_PROBLEM STATEMENT:_
Drop the pictures, then extract the listing word for word.

_COLLECTED DATA:_
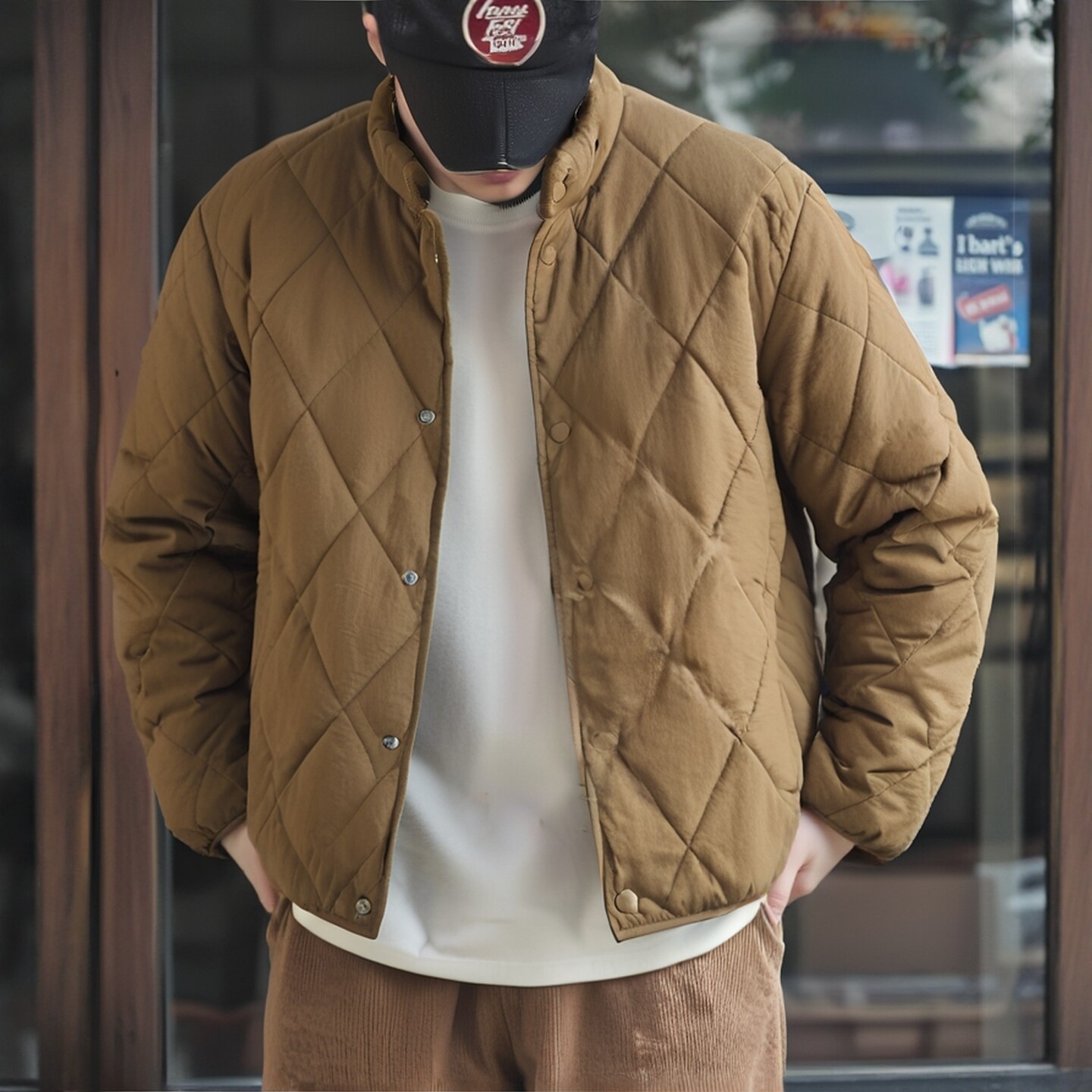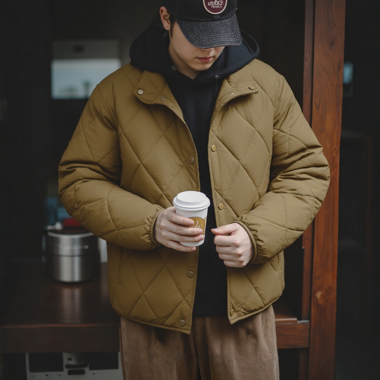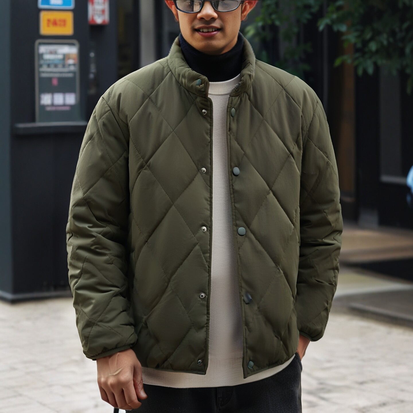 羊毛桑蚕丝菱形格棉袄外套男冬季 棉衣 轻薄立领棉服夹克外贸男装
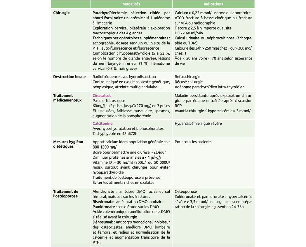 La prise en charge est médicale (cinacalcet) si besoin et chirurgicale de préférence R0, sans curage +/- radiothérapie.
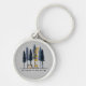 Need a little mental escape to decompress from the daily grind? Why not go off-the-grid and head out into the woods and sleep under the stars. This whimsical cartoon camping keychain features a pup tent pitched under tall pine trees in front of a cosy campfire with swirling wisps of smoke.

_SOLVED EXERCISE:_
 羊毛桑蚕丝菱形格棉袄外套男冬季 棉衣 轻薄立领棉服夹克外贸男装
 La prise en charge est médicale (cinacalcet) si besoin et chirurgicale de préférence R0, sans curage +/- radiothérapie.
 Need a little mental escape to decompress from the daily grind? Why not go off-the-grid and head out into the woods and sleep under the stars. This whimsical cartoon camping keychain features a pup tent pitched under tall pine trees in front of a cosy campfire with swirling wisps of smoke.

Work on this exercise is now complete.